EXERCISE DESCRIPTION =
The answer is to be the lines below that lie between the line holding "2026年1月始まりの卓上カ" and the line holding "I would like", inclusive, transcribed exactly and free of pictures.

SUPPLIED RECORDS =

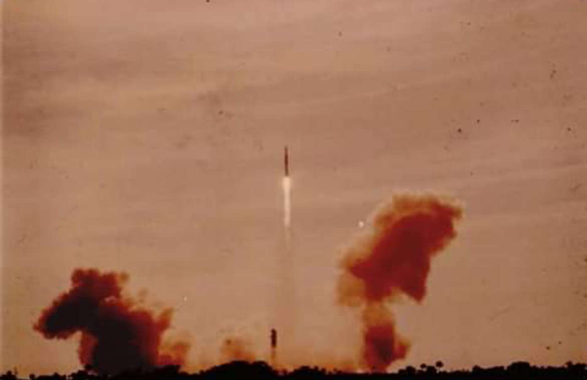 Raketa Saturn V nesúca Apollo 11 vyletí do neba za sledovania celého amerického národa a sveta.
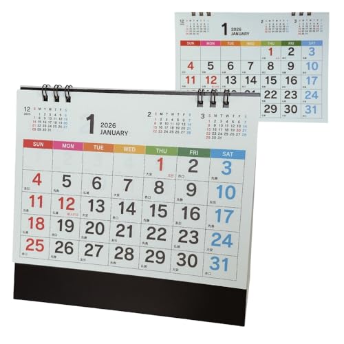 2026年1月始まりの卓上カレンダー。シンプルでコンパクトなデザイン、両面使用可能。サイズは156×170mm(組立時)。シックなブラックが、どんなデスクにも調和します。
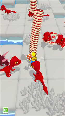 4灵活控制你的小恐龙去击败其他的恐龙,击败恐龙后,会获取大量的肉块,用来换取金币。
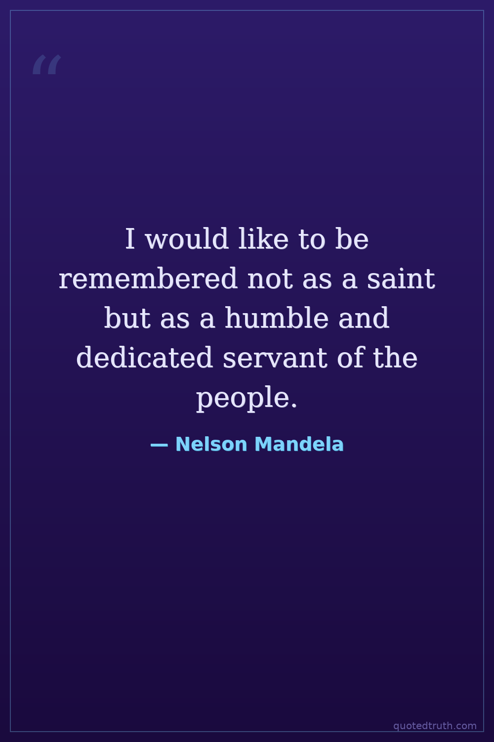 I would like to be remembered not as a saint but as a humble and dedicated servant of the people.
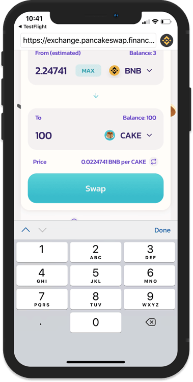 سپس توکن کیک را انتخاب کنید و بعد از آن، نوع توکن و مقداری که قصد تبادل آنها را دارید، وارد نمایید. در صورتی که تمامی اطلاعات مورد تأیید شما بود، گزینه Swap را انتخاب کنید.

SOLVED EXERCISE =
 2026年1月始まりの卓上カレンダー。シンプルでコンパクトなデザイン、両面使用可能。サイズは156×170mm(組立時)。シックなブラックが、どんなデスクにも調和します。
 4灵活控制你的小恐龙去击败其他的恐龙,击败恐龙后,会获取大量的肉块,用来换取金币。
 I would like to be remembered not as a saint but as a humble and dedicated servant of the people.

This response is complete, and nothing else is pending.